Material provided:
BEGIN
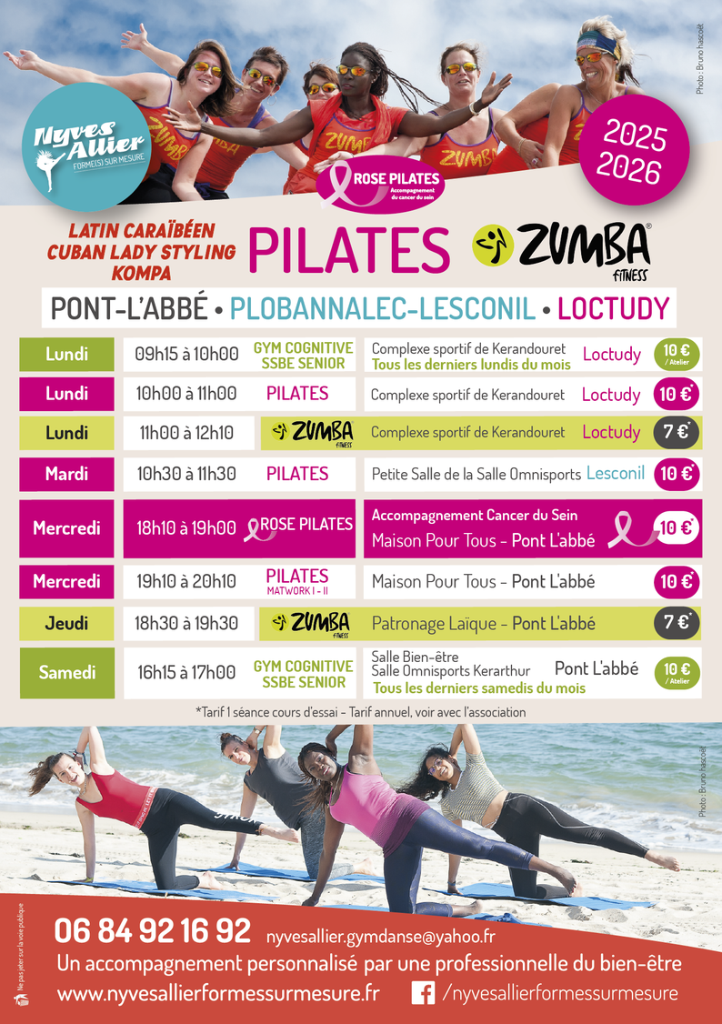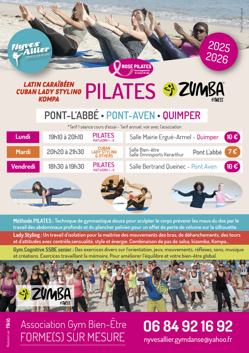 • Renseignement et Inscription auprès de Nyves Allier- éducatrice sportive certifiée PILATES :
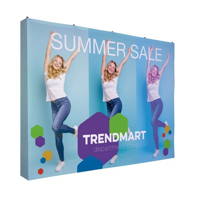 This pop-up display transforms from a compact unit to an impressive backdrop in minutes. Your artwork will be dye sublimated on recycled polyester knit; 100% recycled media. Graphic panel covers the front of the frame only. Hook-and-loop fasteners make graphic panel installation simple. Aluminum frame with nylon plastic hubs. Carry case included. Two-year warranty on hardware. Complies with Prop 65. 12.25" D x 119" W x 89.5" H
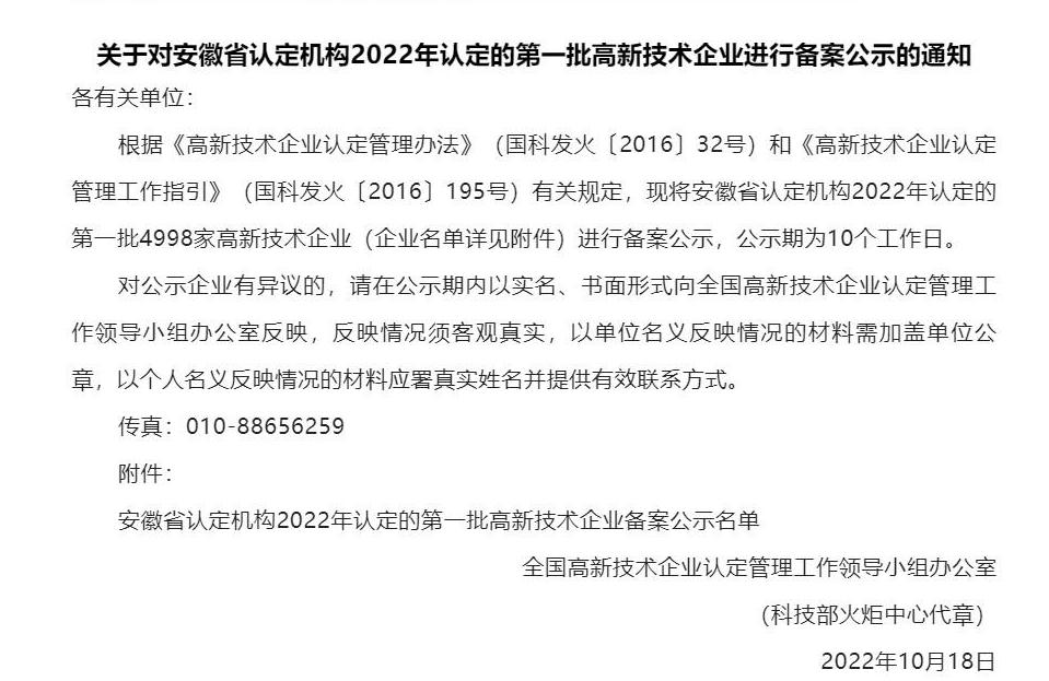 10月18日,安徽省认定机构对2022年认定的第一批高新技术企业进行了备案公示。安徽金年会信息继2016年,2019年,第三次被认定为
END
BEGIN
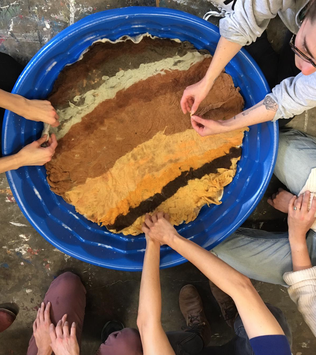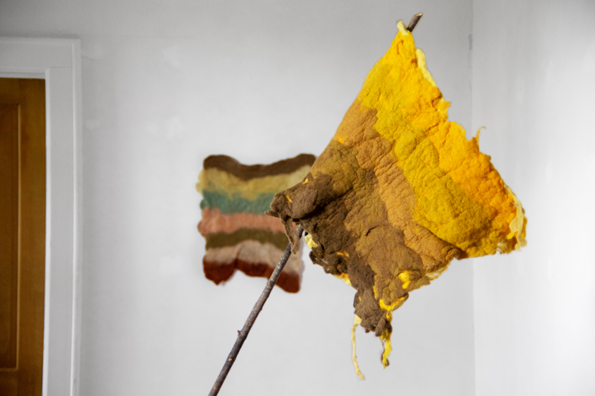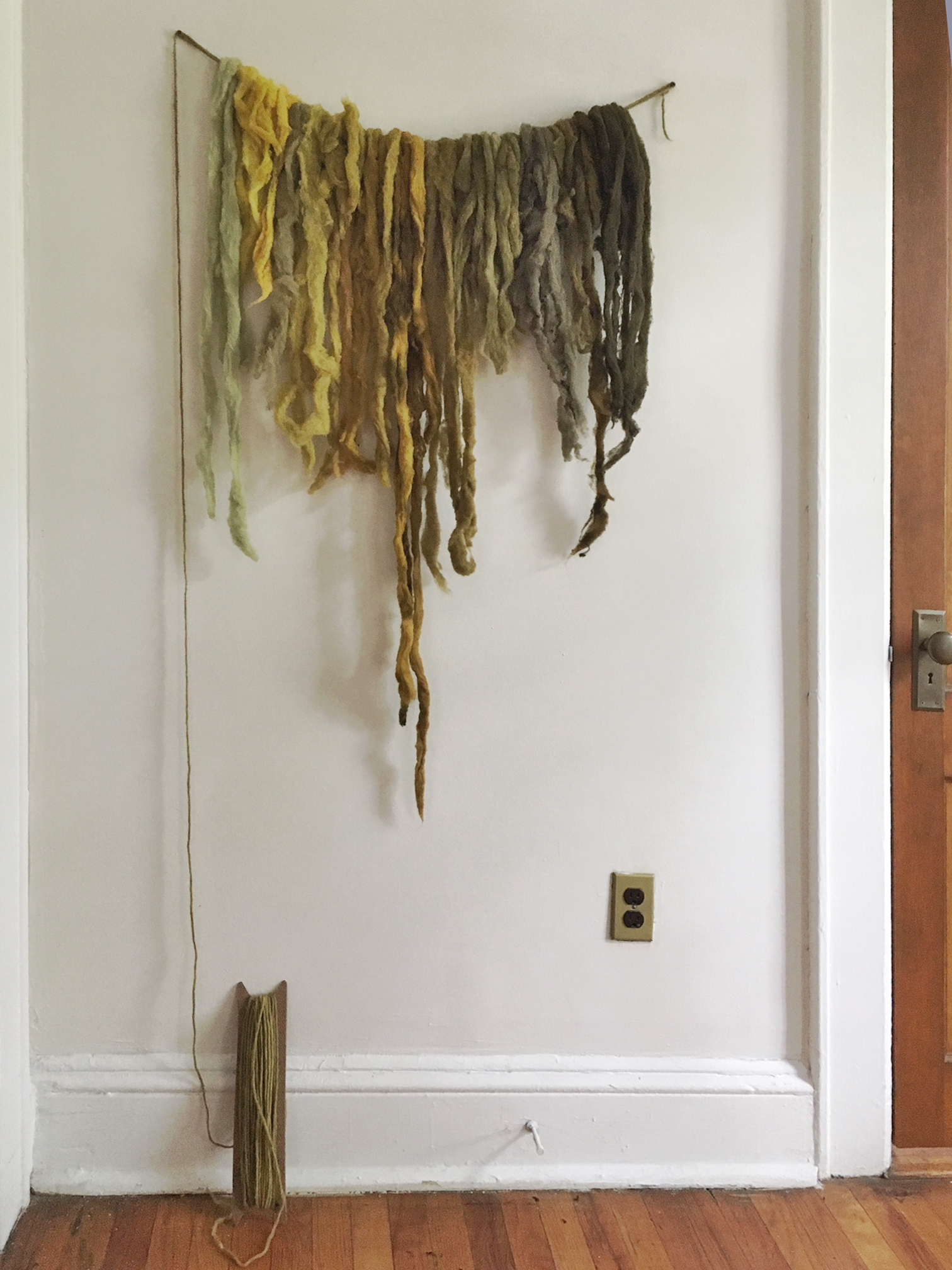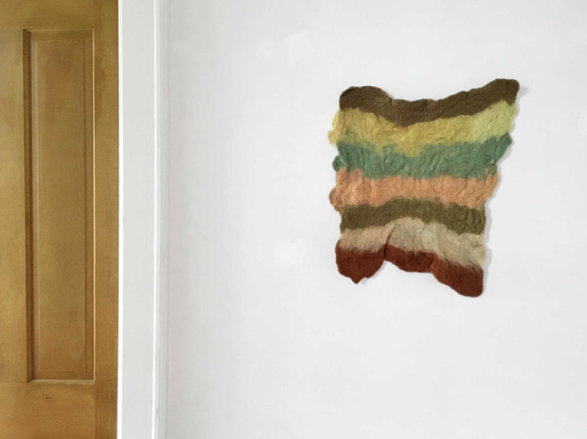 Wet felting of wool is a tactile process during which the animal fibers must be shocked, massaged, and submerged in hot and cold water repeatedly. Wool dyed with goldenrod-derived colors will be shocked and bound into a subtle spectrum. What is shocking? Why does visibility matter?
END
Print exactly the lines above that run from the one with "This pop-up display" down to the one with "10月18日,安徽省认定机构", and omit the pictures.

 This pop-up display transforms from a compact unit to an impressive backdrop in minutes. Your artwork will be dye sublimated on recycled polyester knit; 100% recycled media. Graphic panel covers the front of the frame only. Hook-and-loop fasteners make graphic panel installation simple. Aluminum frame with nylon plastic hubs. Carry case included. Two-year warranty on hardware. Complies with Prop 65. 12.25" D x 119" W x 89.5" H
 10月18日,安徽省认定机构对2022年认定的第一批高新技术企业进行了备案公示。安徽金年会信息继2016年,2019年,第三次被认定为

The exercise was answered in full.